**Material for this exercise**
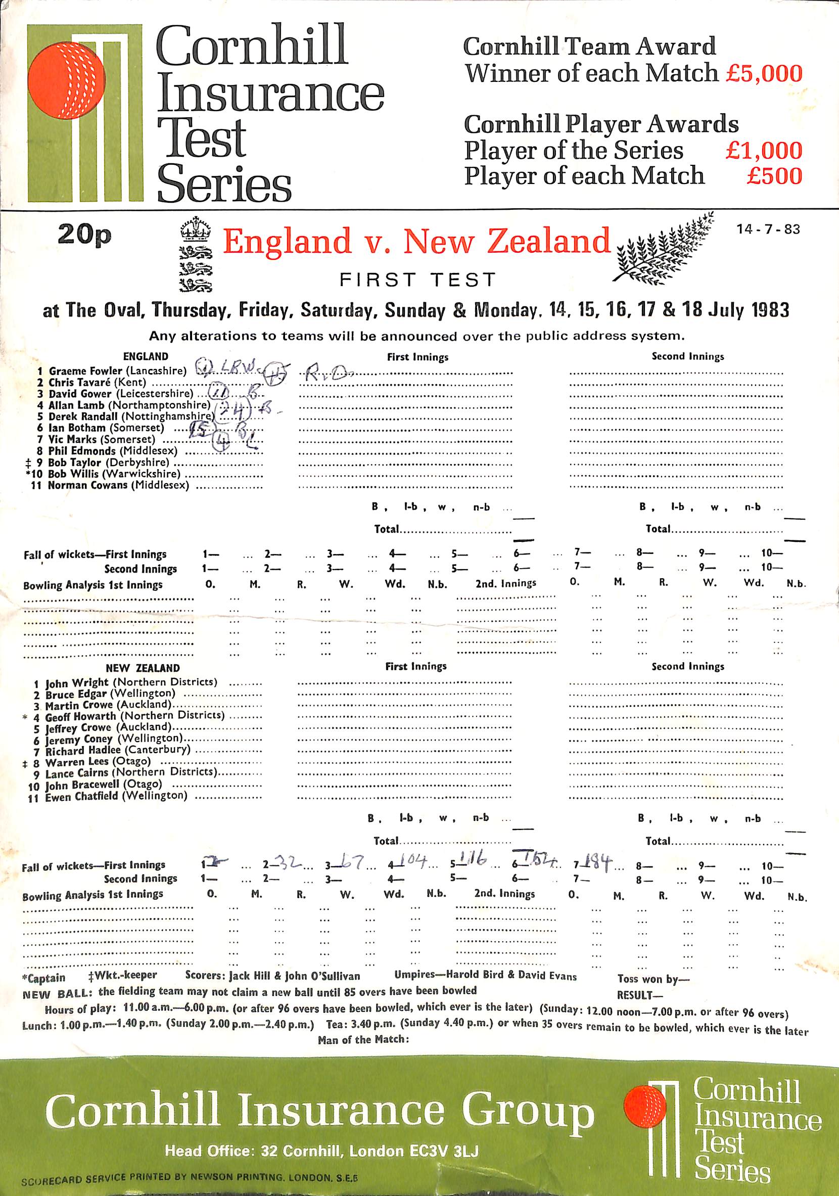England v New Zealand Cornhill Insurance Test Series At The Oval On 14th July 1983 pre-match scorecard with written updates |
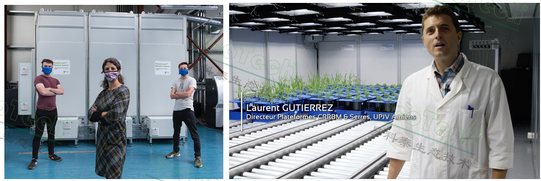 左圖:愛爾蘭都柏林大學(xué)Sónia Negrão教授與學(xué)生合影,身后為2020年新安裝的PlantScreen溫室高通量植物表型成像分析系統(tǒng)前。右圖:法國亞眠大學(xué)分子生物學(xué)區(qū)域資源中心與溫室平臺主任Laurent GUTIERREZ接受采訪,向外界介紹該校核心科研平臺——PlantScreen溫室高通量植物表型成像分析系統(tǒng)。照片中的兩位教授均為此次分享論文的作者之一。
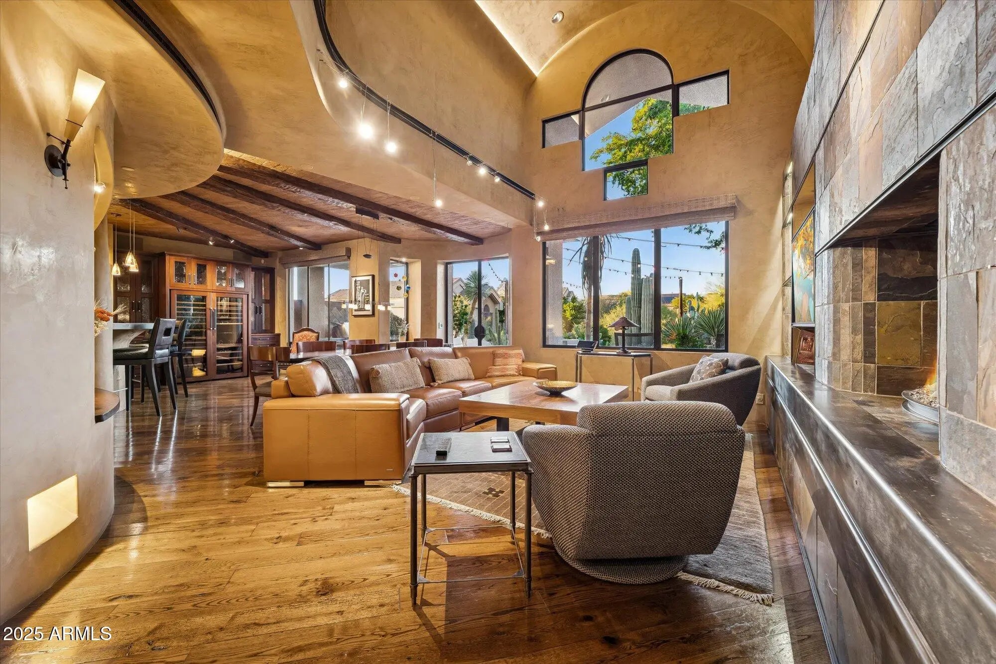 Live the Arizona lifestyle! This stunning residence has been reimagined by Internationally recognized architect Lee Hutchison of Urban Design Associates. known as a beacon of Southwest architecture, innovation and creativity, this home boasts unique functional spaces, meticulous attention to detail and commitment to excellence. A custom door by Sonoran Doors & reflecting pond with fountain welcomes you to this true desert gem that is a combination of custom details and artisanal craftmanship, Venetian plaster walls. a curved staircase and beam ceilings. 250 bottle Euro Cave wine refrigerator. Kitchen has Wolf appliances & steamer drawer. Desert Foothills designed outdoor landscaping seamlessly integrates on to a large northwest facing patio that encompasses the natural beauty and view Dramatic Fountain/Pool at Entry. Kitchen includes Wolf Appliances, Steam Oven (rather than Microwave), and 250-bottle EuroCave Fridge. Custom METAL windows and doors in Living Room. Creston Auto System Throughout. Custom Garage Door. 250 Gal Propane Tank Steam Shower in Master
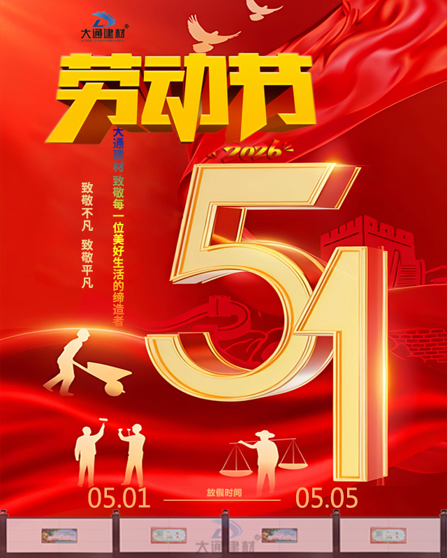 當(dāng)前位置:首頁>文章中心>公司新聞資訊圍擋>深圳市大通建材有限公司2026年“5.1 勞動節(jié)”放假通知
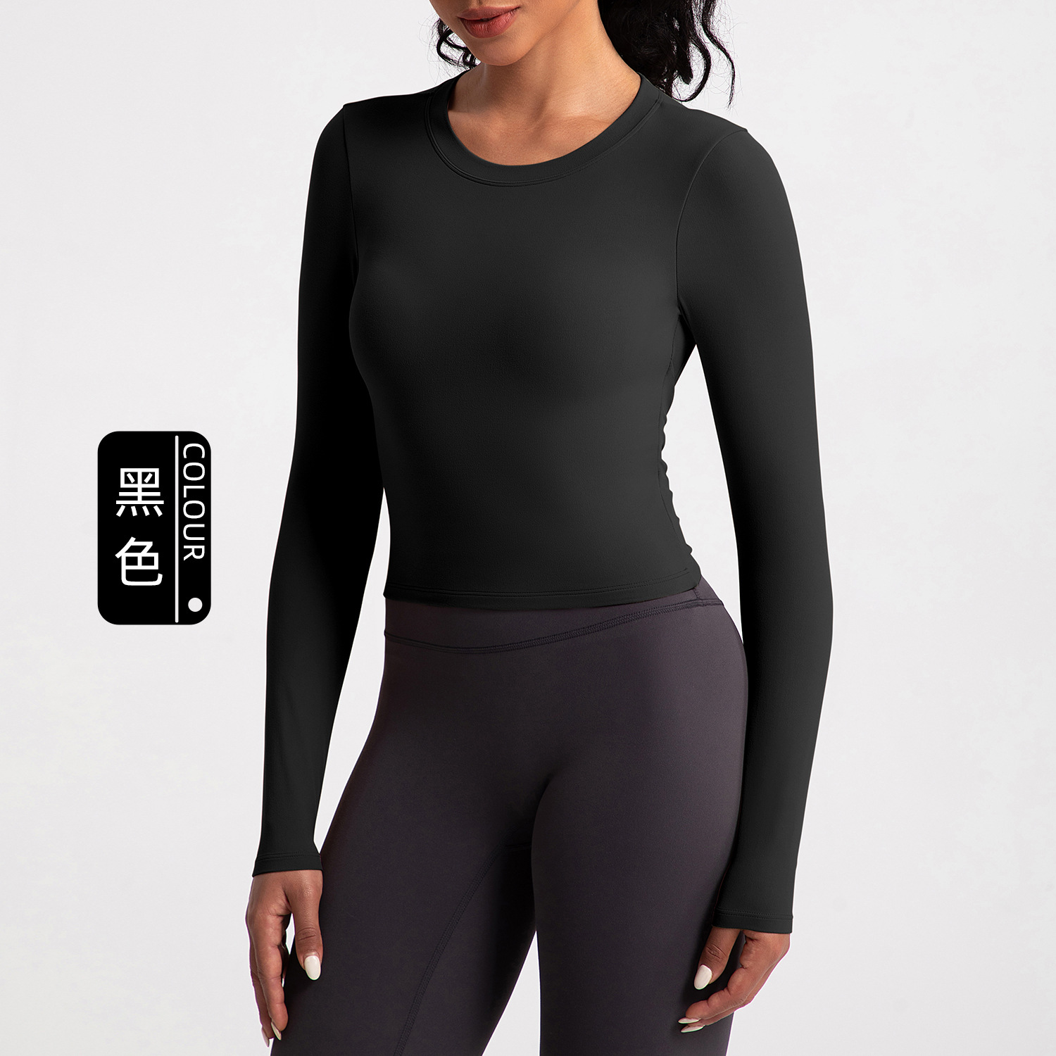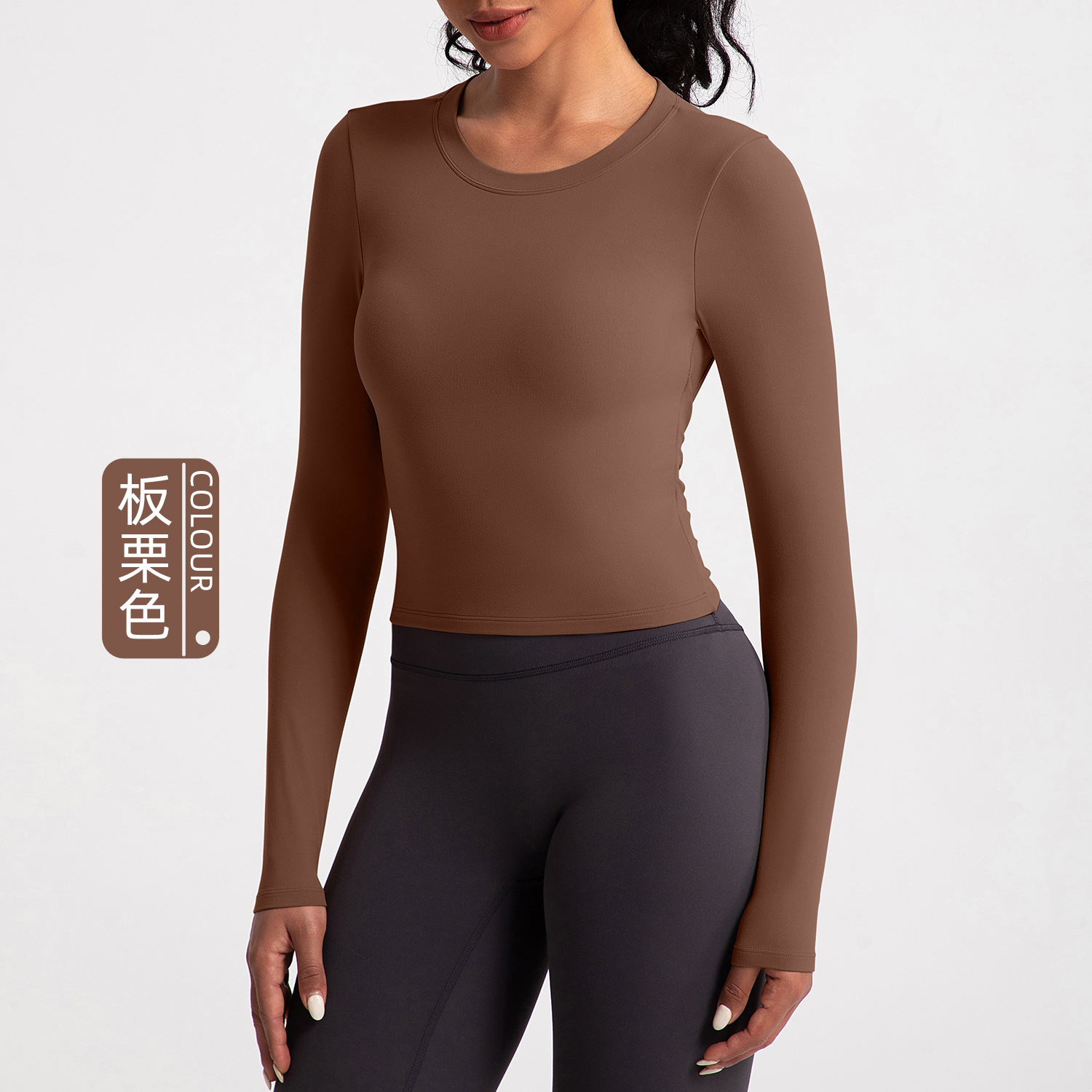 유럽과 미국의 새로운 스타일 요가 의류 여성용 긴 소매 벗은 꽉 달리는 스포츠 티셔츠, 가슴 패드 피트니스 탑
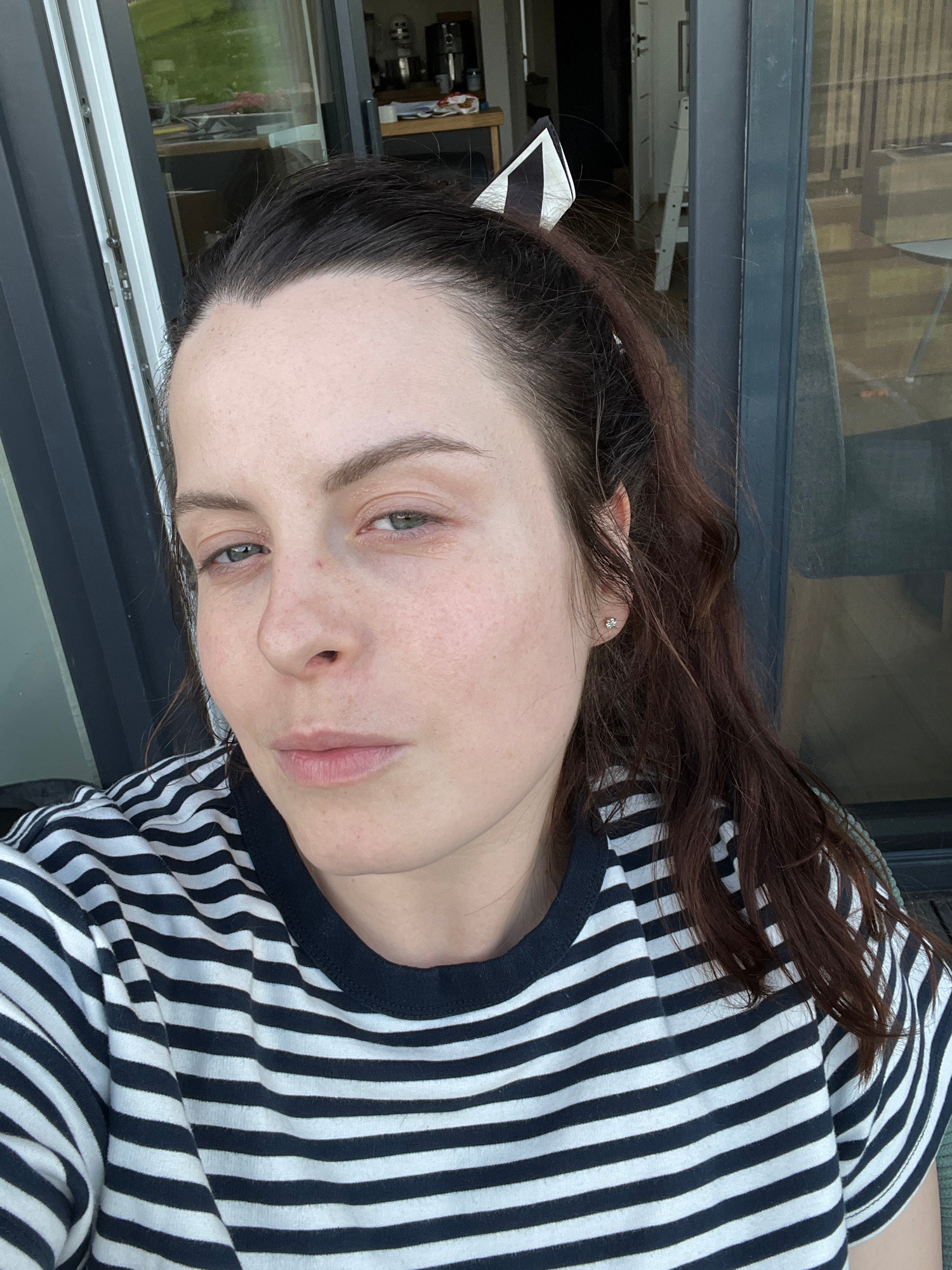 A medium close-up portrait shows a woman with long, dark brown hair, light eyes, and fair skin, appearing to recline or lie down indoors, looking towards the camera with a neutral expression. She wear…read more
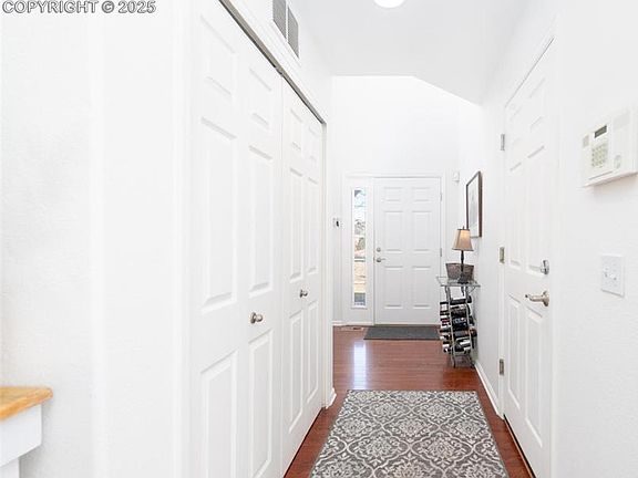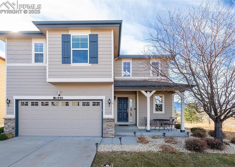 Located next to open space and just minutes from schools, shopping, parks, and easy access to I-25, this beautifully updated home offers the perfect blend of comfort and convenience. Featuring 3 bedrooms, 3 baths, and a two-car garage with Pikes Peak and mountain views, this property is designed for both everyday living and effortless entertaining. The main level showcases an open great-room layout that includes the kitchen, dining area, and living room. Upstairs, the expansive primary suite offers a cozy sitting area separated by a 3-way fireplace and a luxurious 5-piece bath with double vanities, a soaking tub, and a free-standing shower. Two additional bedrooms and a full bath complete the upper level. The HOA covers lawn care, snow removal, and trash service, giving you more time to enjoy the miles of nearby hiking and biking trails less than half a block away. Ideally situated near shopping, restaurants, the Air Force Academy, and major commuting routes, this home provides exceptional convenience in a highly desirable location.

**What to work on**
Each entry shown above must be quoted exactly, with its pictures left out.

**Answer for this exercise**
England v New Zealand Cornhill Insurance Test Series At The Oval On 14th July 1983 pre-match scorecard with written updates |
 左圖:愛爾蘭都柏林大學(xué)Sónia Negrão教授與學(xué)生合影,身后為2020年新安裝的PlantScreen溫室高通量植物表型成像分析系統(tǒng)前。右圖:法國亞眠大學(xué)分子生物學(xué)區(qū)域資源中心與溫室平臺主任Laurent GUTIERREZ接受采訪,向外界介紹該校核心科研平臺——PlantScreen溫室高通量植物表型成像分析系統(tǒng)。照片中的兩位教授均為此次分享論文的作者之一。
 Live the Arizona lifestyle! This stunning residence has been reimagined by Internationally recognized architect Lee Hutchison of Urban Design Associates. known as a beacon of Southwest architecture, innovation and creativity, this home boasts unique functional spaces, meticulous attention to detail and commitment to excellence. A custom door by Sonoran Doors & reflecting pond with fountain welcomes you to this true desert gem that is a combination of custom details and artisanal craftmanship, Venetian plaster walls. a curved staircase and beam ceilings. 250 bottle Euro Cave wine refrigerator. Kitchen has Wolf appliances & steamer drawer. Desert Foothills designed outdoor landscaping seamlessly integrates on to a large northwest facing patio that encompasses the natural beauty and view Dramatic Fountain/Pool at Entry. Kitchen includes Wolf Appliances, Steam Oven (rather than Microwave), and 250-bottle EuroCave Fridge. Custom METAL windows and doors in Living Room. Creston Auto System Throughout. Custom Garage Door. 250 Gal Propane Tank Steam Shower in Master
 當(dāng)前位置:首頁>文章中心>公司新聞資訊圍擋>深圳市大通建材有限公司2026年“5.1 勞動節(jié)”放假通知
 유럽과 미국의 새로운 스타일 요가 의류 여성용 긴 소매 벗은 꽉 달리는 스포츠 티셔츠, 가슴 패드 피트니스 탑
 A medium close-up portrait shows a woman with long, dark brown hair, light eyes, and fair skin, appearing to recline or lie down indoors, looking towards the camera with a neutral expression. She wear…read more
 Located next to open space and just minutes from schools, shopping, parks, and easy access to I-25, this beautifully updated home offers the perfect blend of comfort and convenience. Featuring 3 bedrooms, 3 baths, and a two-car garage with Pikes Peak and mountain views, this property is designed for both everyday living and effortless entertaining. The main level showcases an open great-room layout that includes the kitchen, dining area, and living room. Upstairs, the expansive primary suite offers a cozy sitting area separated by a 3-way fireplace and a luxurious 5-piece bath with double vanities, a soaking tub, and a free-standing shower. Two additional bedrooms and a full bath complete the upper level. The HOA covers lawn care, snow removal, and trash service, giving you more time to enjoy the miles of nearby hiking and biking trails less than half a block away. Ideally situated near shopping, restaurants, the Air Force Academy, and major commuting routes, this home provides exceptional convenience in a highly desirable location.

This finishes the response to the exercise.